No Hit & Shura

La palabra «no hit» ha ganado una gran popularidad en los últimos años, especialmente en el contexto de los juegos de la empresa FromSoftware. ¿Por qué quiero hablar de esta palabra? Es muy sencillo: jugar a este tipo de juegos puede convertirte en un maestro del «no hit».

Cuando digo «no hit», me refiero a una mecánica muy especial de estos juegos. A medida que avanzas, debes memorizar a la perfección los movimientos de los enemigos. Esta mecánica no solo requiere habilidad y reflejos, sino también paciencia y una capacidad de aprendizaje que te permite anticipar cada ataque y evitar recibir daño en absoluto.

Esta tendencia de «no hit» ha creado una subcultura de jugadores que buscan completar juegos enteros sin ser golpeados ni una sola vez, lo cual es un testimonio de su dedicación y destreza.

El juego que se lleva la palma en términos de dificultad es «Sekiro: Shadows Die Twice,» posiblemente el título más desafiante de FromSoftware.
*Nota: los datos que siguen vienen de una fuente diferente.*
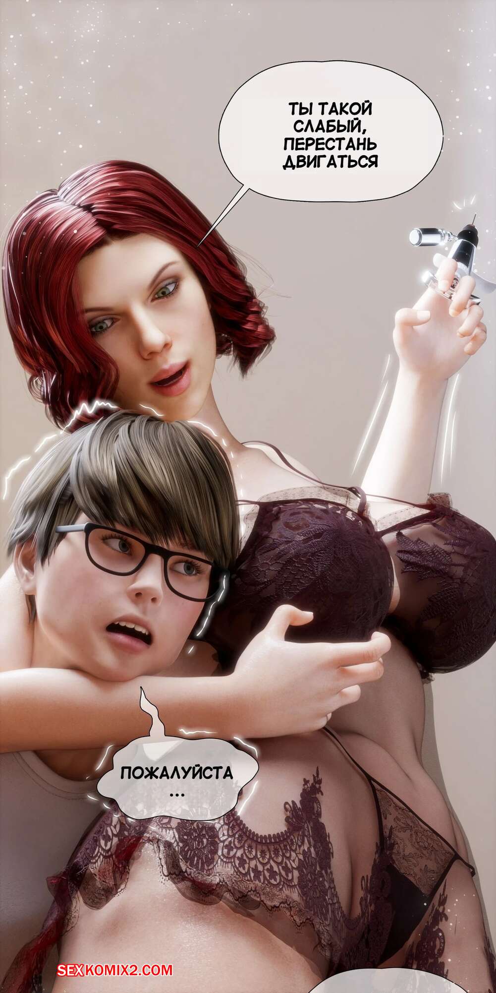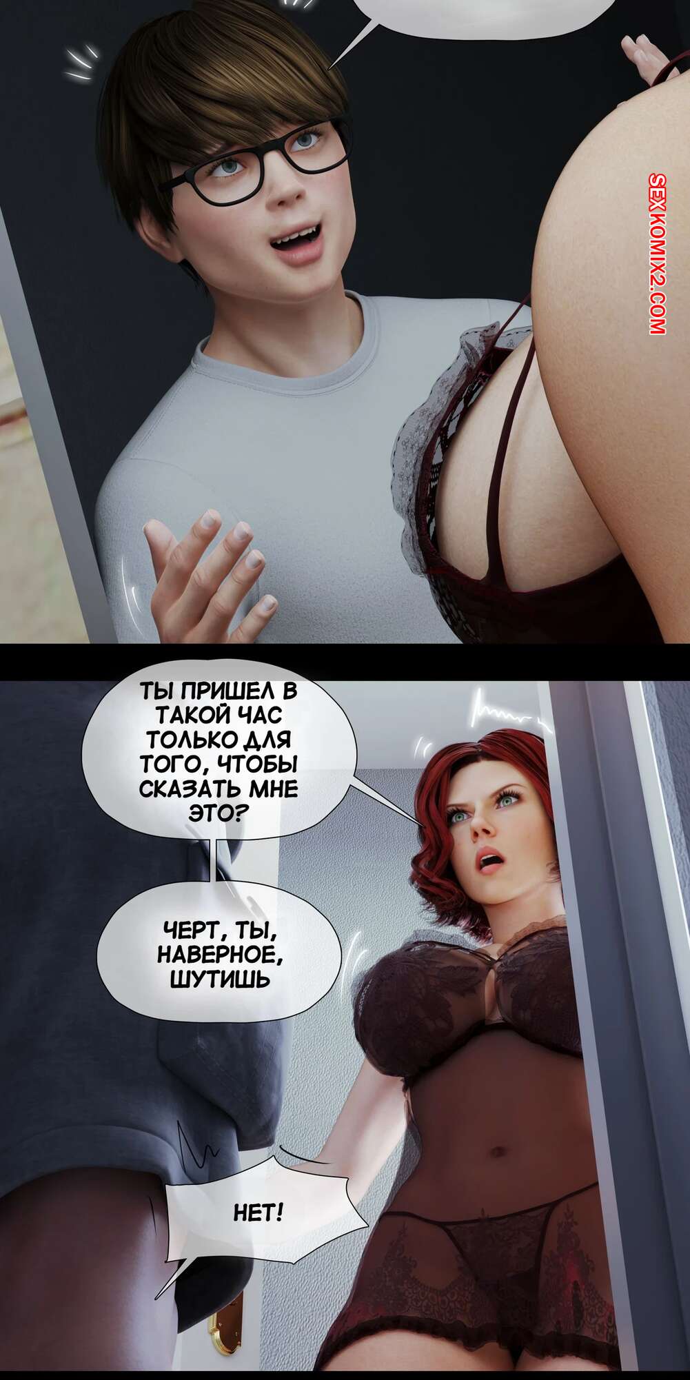 Порно комикс Моя соседская вдова. Часть 4. My Neighbors Widow. Rose Blue 3D. Горячая рыжая милфа пришла в комнату к молодому парню в одной ночнушке и моментально возбудила его своим шикарным телом. Вскоре красотка стала сосать большой хуй парня и дала ему себя выебать.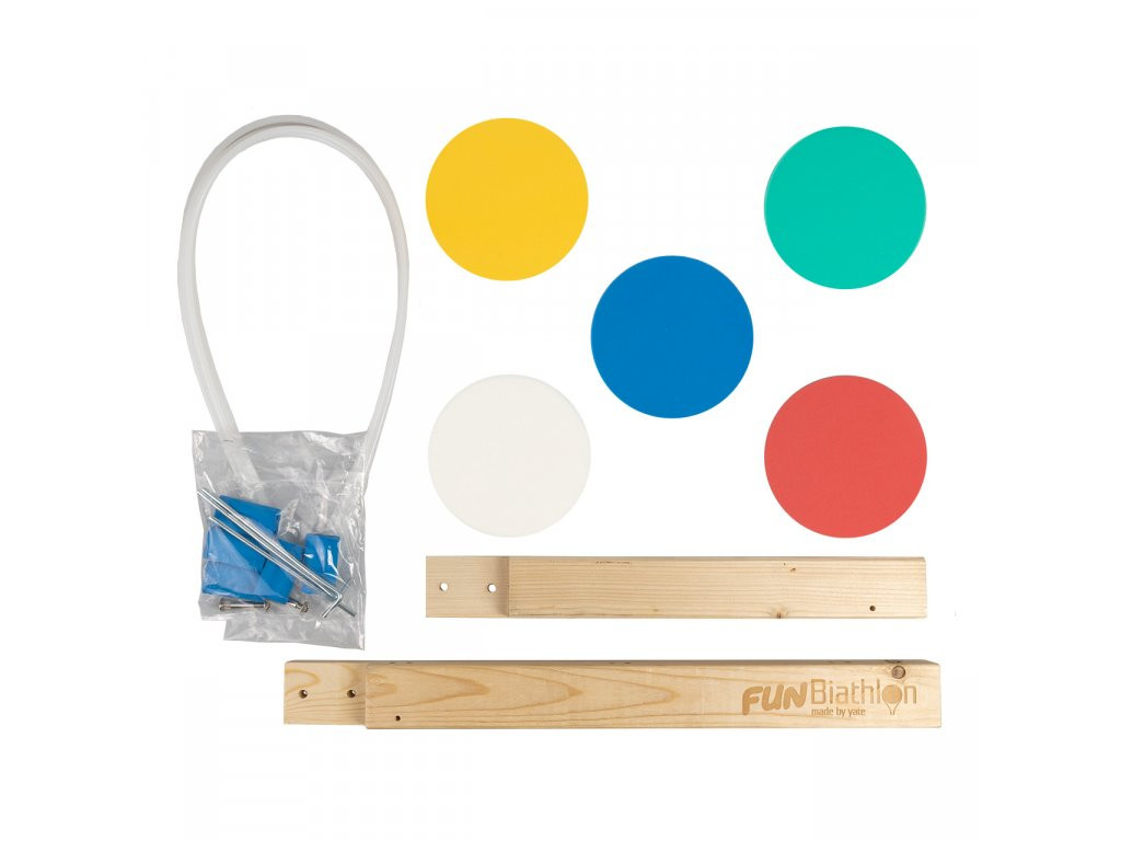 Zábavný biatlon pro děti i dospělé. Jednoduchý systém s pěnovými kotouči umožňuje střílení luky s malým nátahem, ale i prakem, pistolovou kuší apod. Vhodný na zahradu i do lukostřeleckého oddílu pro zpestření tréninku.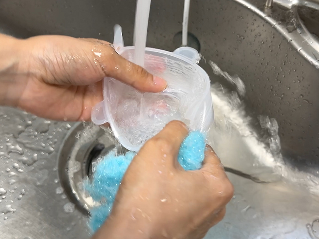 게다가 오염되었을 때 물로 세척하여 다시 사용이 가능해서 랩 사용이 줄더라고요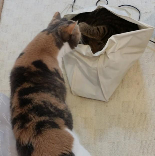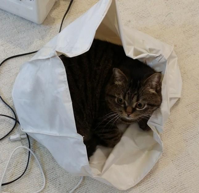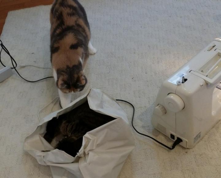 ルナ子、ミシンのカバーに上手にもぐりこみました♪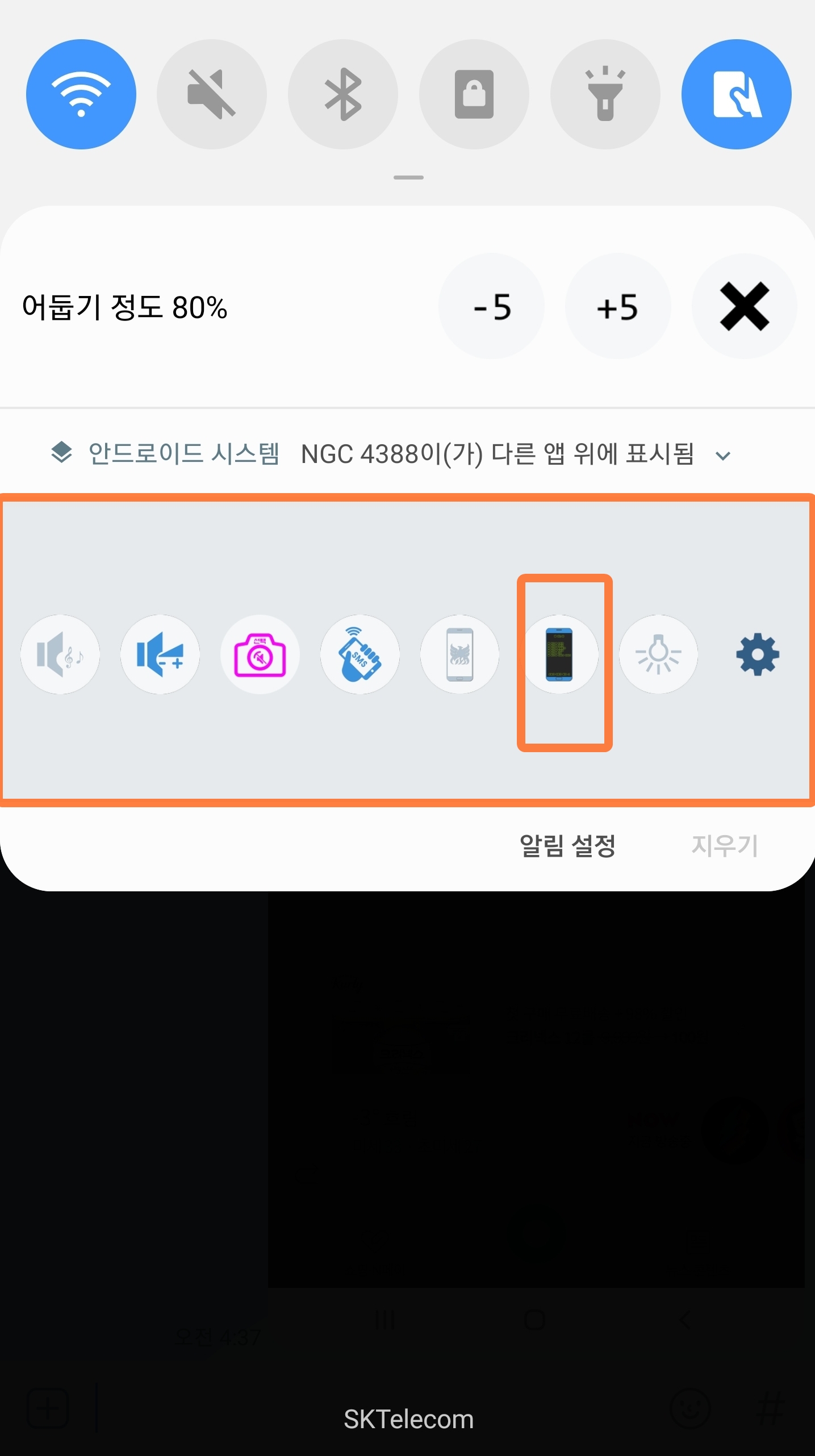 화면 상단에서 설정창을 스윕 해서 활성화시키시면 화면이 까만 아이콘이 보이실 거예요. 그 아이콘을 클릭하시면 어둡기 정도가 뜹니다. 플러스 마이너스로 화면 밝기를 조절하세요. 오른쪽 화면처럼 어둡게 출력됩니다. 이건 80%로 설정해서 굉장히 어둡게 보이는데 50~40% 정도만 사용하셔도 무난하게 사용할 수 있습니다. 확실히 눈이 안 아파요. 잠들기 전 폰 만질 때 유용한 어플입니다.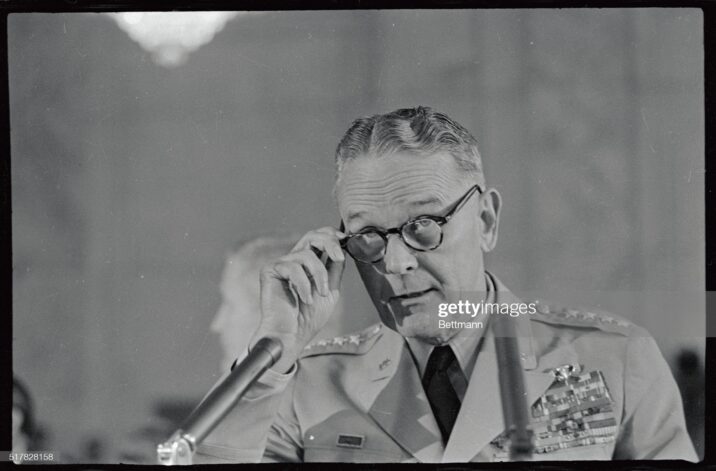 “(Original Caption) General Maxwell D. Taylor, Chairman of the Joint Chiefs of Staff, is shown as he appeared before the Senate Foreign Relations Committee in support of the limited nuclear test ban treaty today. Taylor said that he and other Joint Chiefs were kept constantly abreast on negotiations on the treaty and were not subjected to Administration pressures for their approval of the pact. Members of the Senate Armed Services and Joint Atomic Energy Committees were also invited to the hearing.”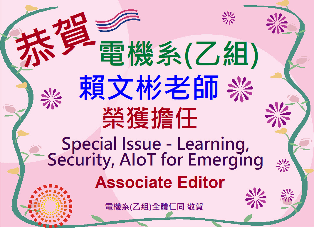 恭賀~賴文彬老師榮獲擔任 Special Issue - Learning, Security, AIoT for Emerging CommunicationNetworking Systems 之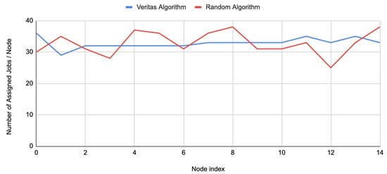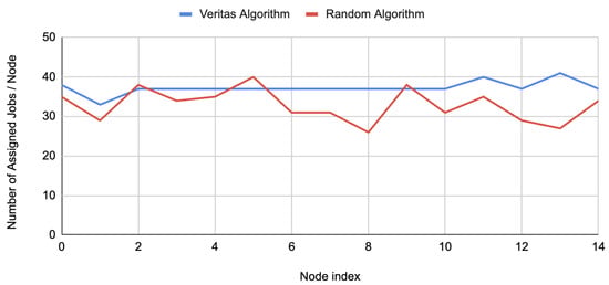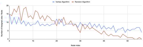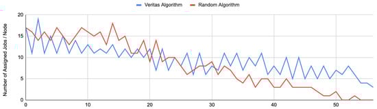 As can be seen from the variants in Figure 9 and Figure 10, the Veritas selection algorithm considers new joining nodes and assigns them jobs to make sure there is no huge gap in job distribution and offer recent nodes a chance to gain reputation and not cause a monopoly for older nodes in the system.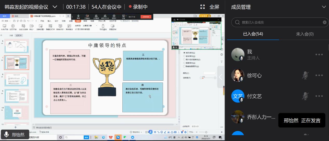 人力资源管理教研室韩淼老师在开展《领导科学与艺术》课程的线上教学时,在进行基本概念和理论知识的讲授后,就由学生自由结合分组对老师选定的主题内容进行研讨。其中,有一节内容特意选择了“中国背景下的领导”作为主题,让学生理解领导力在中国和西方社会中的差异,了解在中国情境下的领导力特色,从而增强文化自信。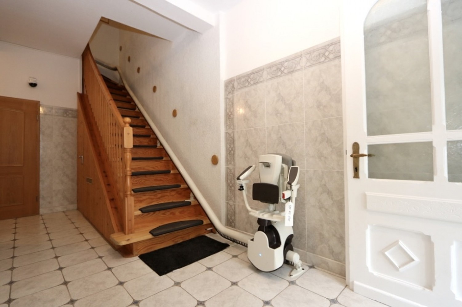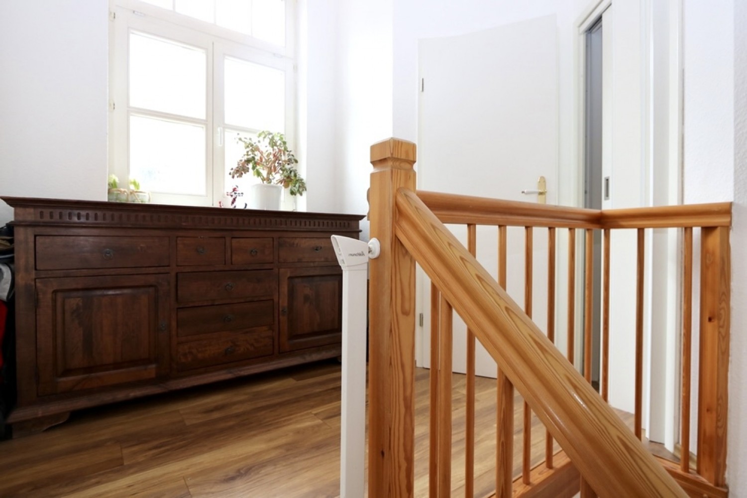 Im Treppenhaus ist der Fußboden praktischerweise mit Fliesen versehen.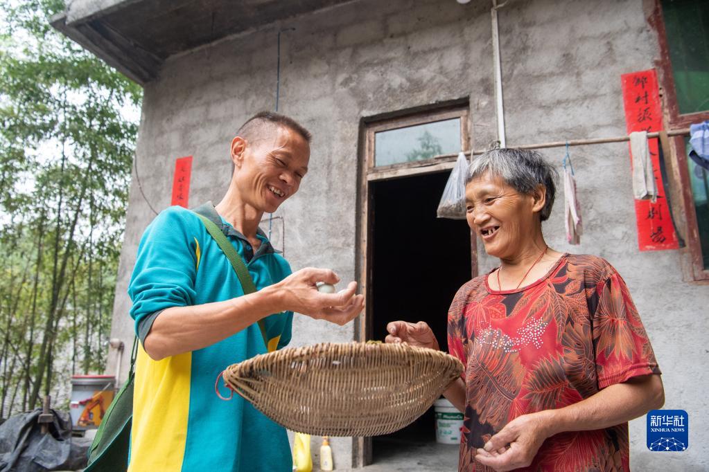 9月15日,投遞員張永洪(左)在村民家收取村民外銷的農產品。

Es el más difícil y, paradójicamente, el más sencillo en su mecánica. Una vez que dominas el «timing,» el juego se convierte en una experiencia extremadamente placentera.

Actualmente, mientras escribo este artículo, estoy en el proceso de finalizar el tercer de los cuatro posibles finales. Mi objetivo es completar el final de Purificación. Ya he logrado los finales de Abandono de la Inmortalidad y el de Shura.

El final de Shura es considerado el final «malo,» donde Sekiro toma el camino de la maldad. Es la ruta más corta, pero para mí ha sido el final más difícil. Luchar contra Lady Emma y Lord Isshin ha supuesto un reto enorme, ya que estos jefes pueden derrotarte con un solo combo, sin importar cuánta vida tengas o cuán evolucionado esté tu personaje.

Aquí es donde entra en juego el término «No Hit.» Para derrotar a estos jefes finales, debes atacar con un «timing» perfecto y casi no recibir golpes. Es algo muy difícil y, a la vez, fácil una vez que consigues un equilibrio visual y motriz en el videojuego.

Sekiro es una obra maestra y, por eso, recibió el premio Game of the Year (GOTY) merecidamente. Un Shura es un espíritu del odio y de la venganza, un ente obsesionado con la guerra. Por eso, este final es el más corto y el más difícil.